Previously, Worrells published an article concerning the effect of a secured creditor proving for their debts. To recap, they discussed the case of Surfers Paradise Investments Pty Ltd (in liq) v. Davoren Nominees Pty Ltd  1 QR 567 That same issue has recently been revisited by the Federal Court in Provident Capital Ltd v Kelso Builders Supplies Pty Ltd (in liq)  FCA 868.
Under section 554E of the Corporations Act 2001, when an insolvent company is being wound up, secured creditors cannot prove for the whole or part of a secured debt. However, if a creditor surrenders the security to the liquidator, then the creditor can prove for the whole of the secured debt (554E(3)).
What caused difficulties in both Surfers Paradise Investments and the Provident Capital cases was section 554E(5) which says that when the security is not realised or surrendered then the creditor is allowed to estimate its value and prove for the balance due after they estimate the value.
In Surfers Paradise Investments, Davoren Nominees had lodged a proof of debt, voted and received and banked a dividend. The Court of appeal found there that by lodging a proof of debt where the value of the security was nil and accepting and depositing the dividend cheque, the secured creditor had elected to surrender the benefit of the security. That highlights one of the traps for secured creditors in an insolvency situation.
In Provident Capital, Provident had a charge over Kelso who was later placed into liquidation. Provident had two charges over Kelso’s properties, namely a Hot Springs Health Resort at Moree and over a factory and land in Wentworthville.
The Wentworthville property was destroyed by a fire and Kelso’s insurance refused to pay out about $9 million for the damage. Kelso then sued QBE (their insurers) and during the litigation, went into liquidation. As the case against QBE was ongoing and worth about $9 million, the liquidator asked creditors to express interest in the case.
The solicitor for Provident, a Mr Tiernan was told that he needed to complete a proof of debt and a proxy so that the liquidator could estimate how much the security was worth.
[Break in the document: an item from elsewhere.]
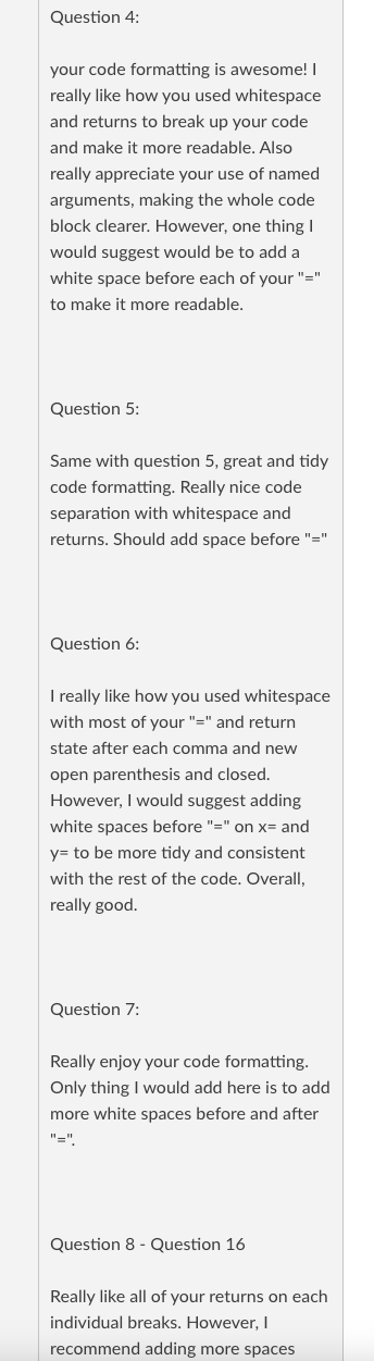 The following is the feedback that I gave that I’m most proud of in one of my peer review. I included an in-depth review of my peer’s general code formatting. I also gave some suggestions on how to write more tidy codes like adding more spaces between "=" and adding more return statements after ","

Mr Tiernan was then told that because someone had offered to purchase the Hot Springs for $3.5 million then the value of the security couldn’t be less than that.
Mr Tiernan attended a meeting of creditors pursuant to a proxy and lodged a proof of debt. In the proof of debt, Mr Tiernan (or Provident) did not put a value on the security. Various matters were voted on by a show of hands. Mr Teirnan, using his proxy, voted by a show of hands for many of the resolutions.
An application was brought to determine if Provident had surrendered the security. Given that Mr Tiernan had voted, the liquidators argued that Provident had surrendered its security. Mr Teirnan gave evidence that had he known the significance of the vote without estimating the value of the security, he would not have voted and obtained instructions from Provident as to how much the security was worth and would not have voted at the meeting.
It came on for hearing in the Federal Court at Sydney before Justice Jacobson who held that:-
(i) Voting on the voices or by way of show of hands is not a proper way to vote in respect of the value of the debt or claim.
(ii) Provident had to have made an unequivocal election vote to surrender the security and they had not done this.
(iii) Provident had only exhibited equivocal behaviour because they had lodged a proof of debt and voted by show of hands without providing a proper valuation of the security.
(iv) This was not enough to be an unequivocal election.
(v) Provident had not surrendered their security.
This is an example of the issues that can arise for all concerned when secured creditors vote in liquidations. Caution should be used by all concerned as, while in this case it did not arise, the benefit of security can be inadvertently waived to the detriment of the secured creditors.